Monday Morning: The Urge to Merge

In my eyes, indisposed
In disguises no one knows
Hides the face, lies the snake
The sun in my disgrace

— excerpt, Black Hole Sun by Soundgarden

Looks like this week is all about mergers. Enjoy this simulation on replay several times while listening to Soundgarden’s Black Hole Sun while we dig in.

Roll Call

  • Yahoo’s vulnerability brings all the nasty suitors to the yard (MarketWatch) — If Daily Mail wins, Yahoo will be one massive tabloid, and Tumblr will become a cesspool. Bidding’s open until next Monday; what other potential buyers may emerge this week?
  • Big names in hotels to join after shareholders approve Marriott offer for Starwood Hotels (UPI) — The vote came last Friday after Chinese insurance holding group Anbang withdrew from bidding.
  • Merger of beer producers SABMiller and A-B InBev still in holding pattern (Milwaukee Business Journal) — The deal is languishing for approval by South Africa’s Competition Commission. Part of SABMiller was once South African Brewing.
  • UK balks at Hutchins and Telefonica tie up (Reuters) — Cousins across the pond better watch out; this proposed merger, even if shot down by regulators, portends another telecom marriage ahead. With UK’s Competition and Markets Authority recommending a spin-off of either Three Mobile or O2 mobile network business in order to approve the deal, a divestment of one of these may happen anyhow.

The Yahoo and Hutchins-Telefonica deals bear scrutiny for their potential for mass surveillance depending on how the proposals play out. Yahoo could end up operating under UK laws, and some part(s) of either Hutchins or Telefonica could end up with a non-UK or non-EU partner.

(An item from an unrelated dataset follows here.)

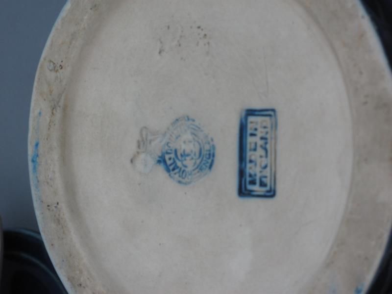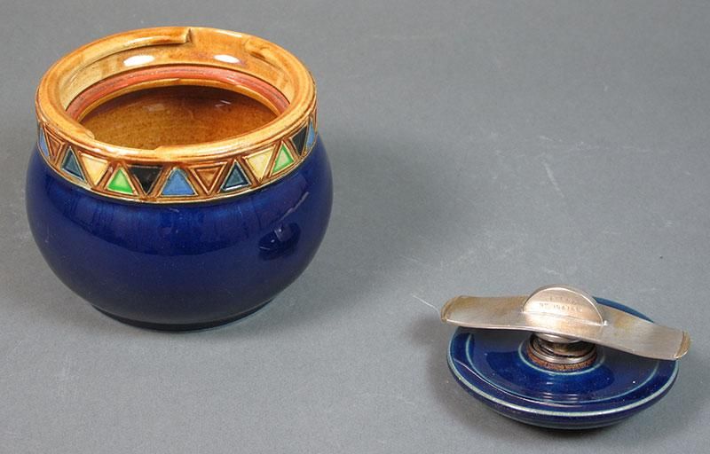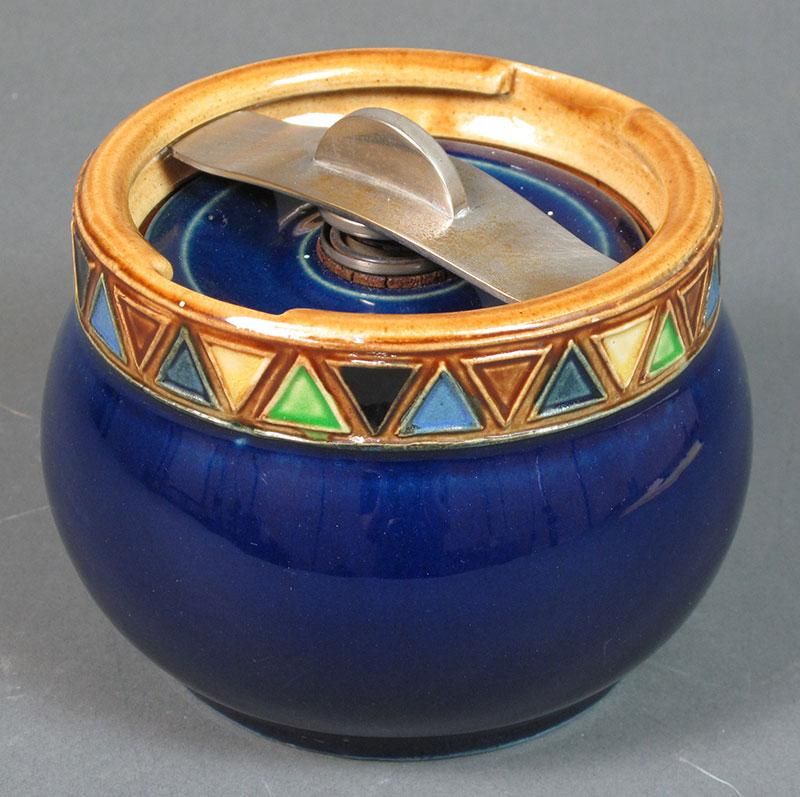 -with a rich cobalt blue glaze and colourful alternating geometric pattern band. Handle lock stamped Pat. No. 194168, incised marks to base.
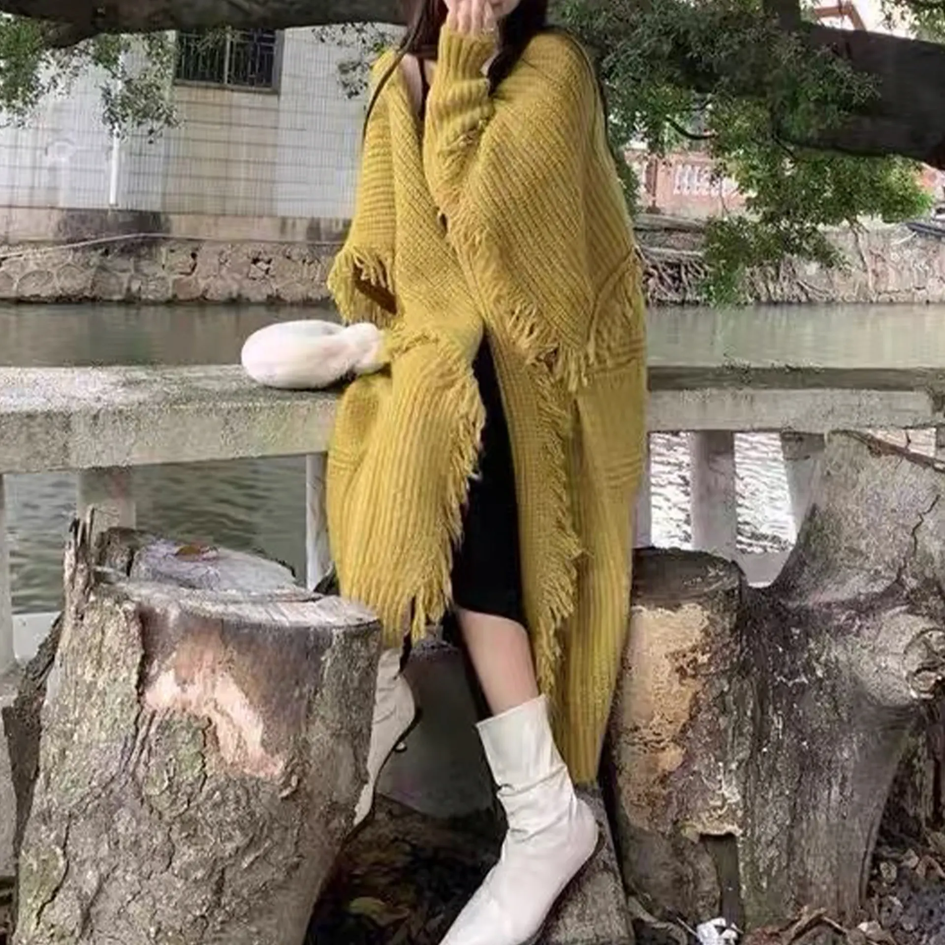 Long alpaca wool sweater jacket women's design feeling soft and waxy early spring cardigan loose Korean style lazy style Handmade Clothing Gift For Women Hand knit Outfit Of The Day Material: Alpaca blend

All of these proposed mergers were in the works before the Panama Papers were released; none them appear to be motivated solely by tax reduction, but instead by economies of scale and weak market conditions. It’d be nice if executives of all companies raking in profits realized that failing to pay their hourly workers well has a direct impact on overall market demand. Their businesses could retain autonomy instead of spending time and money on M&A they could spend on employees’ wages.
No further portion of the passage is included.